Now, given the coefficients calculated by the model, which capture the contribution of each page view to the total CPU usage, we can start to answer some interesting questions. For example, 
which page view causes most CPU usage, on a per visit basis? 

For this we can generate a table of page names with their coefficients in descending order:

In [None]:
print('Index \t CPU (\%) \t\t Page')
print('----------------------------------------------------------')

indices = np.argsort(multi_lin_model.coef_)
for i in indices[::-1]:
    print(i, '\t', multi_lin_model.coef_[i], '\t', page_names[i])

From this table we see that 'resources/js/basket.js' consumes the most per CPU per view. It generates about 0.30% CPU load for each additional page view. 'products/science.html' on the other hand is much leaner and only consumes about 0.04% CPU per view.

Now let us investigate the constant term again.

In [None]:
print('The other processes on the server consume %.2f%%' % multi_lin_model.intercept_)

As you can see this term is very similar to the result achieved in single linear regression, but it is not entirely the same. This means that these models are not perfect. However, the seem to be able to give a reliable estimate.

## 4. Using the sklearn model to explore what-if scenarios

In the previous section we have modeled how much load each individual request generates. Now we want to use this model to simulate what-if scenarios. 

Suppose we want to minimize average CPU usage on this server by deviating traffic of only one webpage to another server, which page should we choose?

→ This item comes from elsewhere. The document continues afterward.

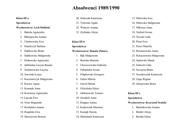Absolwenci 1989/1990 Klasa III a 20. Stańczak Katarzyna 15. Milewska Ewa Wychowawca: Lech Doliński 22. Wiatrow Joanna 17. Mikosza Anna Sprzedawca 1. Bakuła Agnieszka 2. Błażejewska Joanna 21. Tyberska Agata 23. Zielińska Alicja 3. Chełstowska Ewa Klasa III b 5. Dąbkowska Beata Wychowawca: Danuta Pokora 4. Danelczyk Barbara 6. Dąbkowska Małgorzata 7. Dzikowska Agnieszka 8. Jabłońska Lucyna Renata 9. Jachimowska Lucyna 10. Jaworska Łucja 11. Kaczmarczyk Małgorzata 12. Kaczor Agata 13. Komuda Anna 14. Kościesza Agnieszka 15. Łączak Ewa 16. Nisio Bogumiła 17. Rochalska Joanna 18. Rogalska Ewa 19. Skonieczna Bożena Sprzedawca 1. Bąk Małgorzata 2. Brzóska Mariola 3. Choszczewska Gabriela 4. Fabijańska Iwona 5. Filipkowski Grzegorz 6. Galon Marcin 7. Gaweł Marek 8. Gliścińska Edyta 16. Milewska Małgorzata 18. Norbert Iwona 19. Nowak Lidia 20. Picur Ewa 21. Puzio Mariola 22. Romanowska Aneta 23. Rykaczewska Małgorzata 24. Sadowski Marek 25. Sobiech Lidia 26. Szczęsna Beata 27. Szymkowiak Katarzyna 28. Zając Regina 29. Zdrojewska Beata 9. Jabłonowski Tomasz Klasa III c 11. Klapper Janina Wychowawca: Krzysztof Iwulski 10. Jarząbek Anna 12. Krakowiak Marzena 13. Kunigk Dorota 14. Maluchnik Katarzyna Sprzedawca 1. Bartnikowska Joanna 2. Binder Alicja 3. Bordin Edyta Absolwenci 1989/1990 4. Cwalińska Beata Klasa III d 20. Szypulska Elżbieta 6. Forszpaniak Dorota Wychowawca: Lilianna Myśliwiec 22. Wałdoch Gabriela 5. Domańska Małgorzata 7. Jakubas Anna 8. Jankowska Ewa 9. Jeżewska Katarzyna 10. Karpińska Małgorzata 11. Kaszewska Dorota 12. Kazimierczak Beata 13. Konopka Ewa 14. Korgul Izabella 15. Lechowicz Ewa 16. Marzoch Elżbieta 17. Obrębska Joanna 18. Olak Ewa 19. Skrzeczkowska Anna 20. Szyrejko Dorota 21. Szczupakowska Kamila 22. Tańska Halina 23. Wasilewska Małgorzata 24. Zatoka Beata Sprzedawca 1. Bartkowska Katarzyna 2. Bociańska Iwona 3. Chmarycz Halina 4. Dąbrowska Dorota 5. Góralczyk Edyta 21. Szypulska Wioletta 23. Wasilewska Agata 24. Waszkiewicz Joanna 25. Wesołowska Bogumiła 26. Żejmo Jolanta 6. Hadron Joanna Klasa III e 8. Kaszewska Barbara Wychowawca: Stefan Lisiecki 7. Kajdanowska Barbara 9. Kiełb Elżbieta 10. Klimaszewska Izabela 11. Kolenda Elżbieta 12. Kowynia Maria 13. Krupińska Beata 14. Kurowska Beata 15. Kwaśna Barbara 16. Mika Krystyna Anna 17. Perkowska Diana 18. Rzymkowska Anna 19. Szaffrin Edyta Sprzedawca 1. Banach Marzena 2. Czyżewska Jadwiga 3. Duch Marzena 4. Fiedosiuk Mariola 5. Jakubenas Katarzyna 6. Kacprzycka Małgorzata 7. Kondracka Barbara 8. Korczyńska Katarzyna 9. Krystoń Marzena 10. Kur Agnieszka 11. Lenda Marianna Absolwenci 1989/1990 12. Mroczkowska Ewa 7. Kowalczyk Jolanta Klasa III g 14. Podlipska Renata 9. Kummer Anna Wychowawca: Jan Kochanowicz 13. Piotrowska Bogusława 15. Puszko Izabella 16. Rosińska Jolanta 17. Rozicka Irena 18. Samul Marzena 19. Sawulis Anna 20. Sienkiewicz Katarzyna 21. Szymczyk Iwona 22. Woźniak Jolanta 23. Zarzycka Aneta Klasa III f Sprzedawca Wychowawca: Krystyna Żegis 1. Balcerzak Krystyna 2. Dębska Dorota 3. Dudzińska Małgorzata 4. Grądzka Jolanta 5. Jarosz Beata 6. Kowalewska Jolanta 8. Krzemieniewska Wioletta 10. Mierzejewska Anna 11. Naus Elżbieta 12. Pietrzyk Iwona 13. Racis Lilianna 14. Romulewicz Anna 15. Skutnik Monika 16. Stolarczyk-Świda Anna 17. Strzałkowska Anna 18. Szawdzianiec Ewa 19. Szymanowska Iza 20. Szkutnik Iza 21. Ścibor Marzena 22. Suray Agnieszka 23. Turowska Elżbieta 24. Zawiślińska Agnieszka 25. Zduniak Elżbieta Sprzedawca 1. Czajkowska Iwona 2. Jękot Adriana 3. Kaczor Małgorzata 4. Komorek Adriana 5. Kowalska Joanna 6. Kędzierska Elżbieta 7. Korecka Ewa 8. Król Wioletta 9. Luśnia Dorota 10. Małyska Krystyna 11. Oleksiak Małgorzata 12. Opalach Beata 13. Osnowska Dorota 14. Ronkiewicz Aneta 15. Rychlica Anna 16. Sadkiewicz Małgorzata 17. Stahl Joanna 18. Szymczak Dorota 19. Tańska Małgorzata Absolwenci 1989/1990 20. Wieśniak Marzena 13. Kowalewski Ireneusz 9. Krajewska Agnieszka 22. Wojciechowska Anna 15. Lach Krzysztof 11. Krowiak Barbara 21. Wagner Katarzyna 23. Wykowska Anna 24. Winiarska Renata 25. Zborowska Agnieszka Klasa III h Elektromechanik Wychowawca: Władysław Zdziarski 1. Birbach Paweł 14. Książek Mariusz 16. Łoński Radosław 17. Miller Tomasz 18. Osiński Dariusz 19. Pakuła Bogusław 20. Prószyński Piotr 21. Żukowski Andrzej 22. Pawlik Dorota 2. Brakowiecki Krzysztof Klasa III j 4. Czajka Jan Wychowawca: Kazimierz Czarnowicz 3. Chruśliński Bogdan 5. Dudaniec Aleksandra 6. Dzirzgowski Piotr 7. Filimonow Tomasz 8. Gil Karol 9. Grabowski Ryszard 10. Jankowski Cezary 11. Jeleniewski Jacek 12. Konopko Krzysztof Operator ruchowo-przewozowy kolei 1. Chełstowska Anna 10. Krakowska Dorota 12. Malag Anna 13. Mickiewicz Iwona 14. Nowosielska Anna 15. Nowosielska Lucyna Agnieszka 16. Osowska Danuta Agnieszka 17. Palmowska Hanna 18. Piórkowska Anna 19. Rzemek Wiesława 20. Sliwińska Bogusława 21. Skoczeń Małgorzata 22. Zalewska Wanda 2. Czamlet Anna Klasa III k 4. Hetman Elżbieta Wychowawca: Alicja Langowska 3. Chociej Barbara 5. Jachimczyk Małgorzata 6. Kacprzak Małgorzata 7. Knebel Teresa 8. Kokoszczyńska Beata Krawiec 1. Baryła Katarzyna 2. Choduń Grażyna 3. Czarneta Anna 4. Dmochowska Anna Absolwenci 1989/1990 5. Dołoszycka Iwona 27. Warmińska Małgorzata 14. Lewandowska Katarzyna 7. Gryczewska Elżbieta 29. Wojciechowska Sylwia 16. Maciorowska Małgorzata 6. Gut Danuta 8. Januszewska Katarzyna 9. Kłos Danuta 10. Keller Agnieszka 28. Warpechowska Bogumiła 30. Zalewska Jolanta 31. Żbikowska Anna 11. Konopka Elżbieta Klasa III n 13. Kwiatkowska Agnieszka Wychowawca: Krystyna Leonowicz 12. Kożuchowska Renata 14. Mielnicka Agnieszka 15. Mosakowska Mirosława 16. Napierska Józefa 17. Obrębska Joanna 18. Ozimek Julita 19. Pełka Anna 20. Pierzchała Milena 21. Pietrasiak Małgorzata 22. Pietnak Beata 23. Pniewska Lidia 24. Polidowska Danuta 25. Rydel Katarzyna 26. Tatarynowicz Joanna Fryz

For this we simulate diverting the traffic of one page to another server. This means that for the request that is diverted the rate becomes 0, for the other requests we use the average rate.

We implement this by first calculating the `average_request_rates` using [```np.mean```](http://docs.scipy.org/doc/numpy/reference/generated/numpy.argmax.html). These `average_request_rates` are then fed to the `multi_lin_model.predict()` method but with setting each individual request rate to 0 once.

(For linear models you can also compute the result directly based on the coefficients, but this approach also works for non-linear models generated by sklearn.)

In [None]:
### BEGIN SOLUTION
average_page_views = np.mean(page_views, axis=0)
### END SOLUTION
# average_page_views = 
assert average_page_views.shape == (6,)

predicted_cpus = []

# Loop over all pages
for i in range(len(page_names)):
    # make a copy of the array to avoid overwriting
    tweaked_load = np.copy(average_page_views)
### BEGIN SOLUTION
    tweaked_load[i] = 0
    resulting_cpu = multi_lin_model.predict([tweaked_load])[0]
### END SOLUTION
    # tweaked_load[ ? ] = ?

    # Make sure to pass a 2D array to predict and we want resulting_cpu to be a single number
    # resulting_cpu = multi_lin_model.predict( ? )[0]
    predicted_cpus.append(resulting_cpu)

In [None]:
print('CPU\tCoef\tRate\tDiverted page')
print('----------------------------------------------------------')

indices = np.argsort(predicted_cpus)
for i in indices:
    print("%.3f\t%.3f\t%.3f\t%s" % (predicted_cpus[i], multi_lin_model.coef_[i], average_page_views[i], page_names[i]))

As you can see in the table above, it is best to divert the traffic of 'api/product/get.php'.

Why is the result different than the table based on the coefficient?